When simulating fluid dynamical systems where the density varies with temperature to the extent that the liquid cannot be treated as isothermal, the Boussinesq approximation can be used, given that the density difference is sufficiently small. A model for handling non-isothermal fluids is necessary if natural convection influence the flow. The approximation assumes that the expansion related to compressibility is negligible, therefore the density differences impact on the dynamical behavior can be approximated as a difference in the gravitational acceleration acting on the fluid elements, i.e.:

(31) ai=giβT

where a_i is the acceleration vector acting on the fluid element, g_i is the gravitational acceleration, β is a dimensional coupling constant and T is the temperature. For numerical stability, the variation of T should be kept around zero to avoid large pressure gradients in the simulation domain.

3.4 Implementation in CUDA framework

There are some considerations that need to be made, regarding memory alignment and access, to enable optimal performance of the code. The computational domain consists of an equirectangular lattice of cubic elements where each element holds the data presented in Table 1.

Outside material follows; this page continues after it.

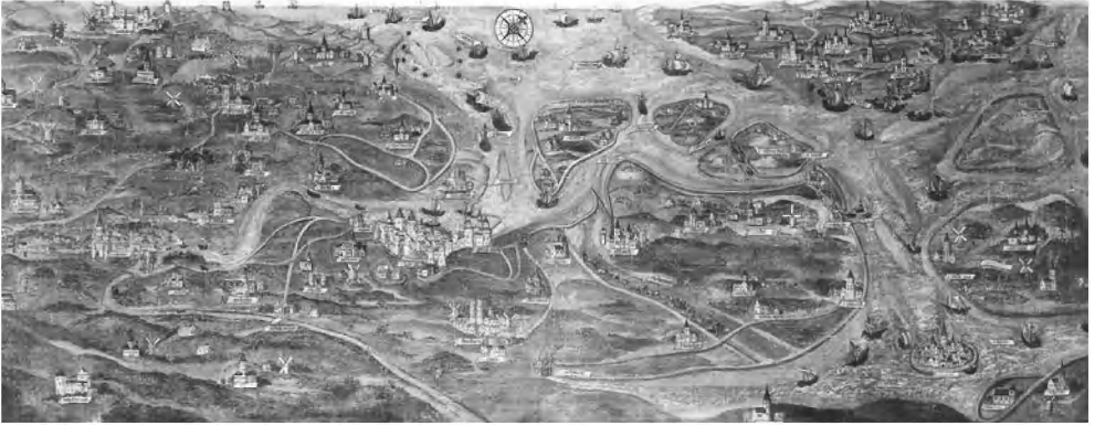
Afb. 1 Brugge, Groeningemuseum, inv. o. 1382, kaart van het kanaal van Oostburg en de Zwinstreek door Jan de Hervy, 1501.

dig blijkt in het door de tijdgenoot gehanteerde discours over waterbeheer. Hieruit zal ook blijken dat het besluitvormingsproces zowel evenementieel als structureel vaak complexer was dan het Kommunale of CPR-model kunnen bevatten. We hebben het daarbij in de eerste plaats over interne machtsverhoudingen binnen de plattelandsamenleving zelf. Gezien het belang van de interregionale handel voor de economie van het laatmiddeleeuwse Vlaanderen, hoeft het geen betoog dat ook vanuit stedelijke hoek nauwlettend werd toegekeken op het waterbeheer in de Vlaamse kustvlakte. De talrijke kanalen die de kustvlakte doorkruisten gaven aanleiding tot complexe problemen, waarbij stedelijke handelsbelangen gecombineerd met een vorstelijk centralisatiestreven meer dan eens botsten met de verlangens van landbouw en plattelandsamenleving inzake afwatering en zeekeringen. 49

In Table 1, f_i is the double-buffered D3Q27 and D3Q7 distribution for the hydrodynamic and thermal LBM solvers, respectively, u_i is the velocity vector, ρ is the density, T is the temperature and the wall character is a flag that is used to mark whether the current cell is a wall cell or not. The solver is implemented so that 64-bit floating point accuracy can be used instead of 32-bit, but this leads to significantly longer calculation times on most GPU architectures since they are not optimized for double precision. Because the Mach number is low, it is not important to save the velocities in each time-step, therefore a saving interval is set to some specified number of time-steps to save memory bandwidth in the main loop.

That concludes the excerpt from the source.